From the listing below, set down exactly the lines between the one holding "Assorted greasers case." and the one holding "Mija dosłownie kilka", inclusive. No other line is wanted.

• _Record excerpts_:
Segment Open

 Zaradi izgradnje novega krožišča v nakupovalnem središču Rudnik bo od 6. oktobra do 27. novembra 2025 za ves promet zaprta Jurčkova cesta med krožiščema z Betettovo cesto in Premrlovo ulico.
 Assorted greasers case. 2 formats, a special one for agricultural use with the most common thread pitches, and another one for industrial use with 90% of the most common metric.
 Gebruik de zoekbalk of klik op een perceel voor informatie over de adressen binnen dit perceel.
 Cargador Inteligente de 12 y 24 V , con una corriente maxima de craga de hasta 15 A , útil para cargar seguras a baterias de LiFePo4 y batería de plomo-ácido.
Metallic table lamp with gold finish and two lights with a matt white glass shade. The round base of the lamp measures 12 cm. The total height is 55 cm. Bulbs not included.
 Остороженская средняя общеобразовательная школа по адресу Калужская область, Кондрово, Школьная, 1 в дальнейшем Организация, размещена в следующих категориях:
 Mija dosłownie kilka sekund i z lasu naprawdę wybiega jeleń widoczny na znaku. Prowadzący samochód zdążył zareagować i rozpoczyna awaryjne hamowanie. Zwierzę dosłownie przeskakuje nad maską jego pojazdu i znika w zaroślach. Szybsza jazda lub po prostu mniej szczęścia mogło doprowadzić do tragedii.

Segment Closed
Segment Open

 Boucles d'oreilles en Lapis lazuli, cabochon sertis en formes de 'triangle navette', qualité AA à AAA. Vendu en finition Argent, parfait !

Segment Closed

• _Response to the task_:
 Assorted greasers case. 2 formats, a special one for agricultural use with the most common thread pitches, and another one for industrial use with 90% of the most common metric.
 Gebruik de zoekbalk of klik op een perceel voor informatie over de adressen binnen dit perceel.
 Cargador Inteligente de 12 y 24 V , con una corriente maxima de craga de hasta 15 A , útil para cargar seguras a baterias de LiFePo4 y batería de plomo-ácido.
Metallic table lamp with gold finish and two lights with a matt white glass shade. The round base of the lamp measures 12 cm. The total height is 55 cm. Bulbs not included.
 Остороженская средняя общеобразовательная школа по адресу Калужская область, Кондрово, Школьная, 1 в дальнейшем Организация, размещена в следующих категориях:
 Mija dosłownie kilka sekund i z lasu naprawdę wybiega jeleń widoczny na znaku. Prowadzący samochód zdążył zareagować i rozpoczyna awaryjne hamowanie. Zwierzę dosłownie przeskakuje nad maską jego pojazdu i znika w zaroślach. Szybsza jazda lub po prostu mniej szczęścia mogło doprowadzić do tragedii.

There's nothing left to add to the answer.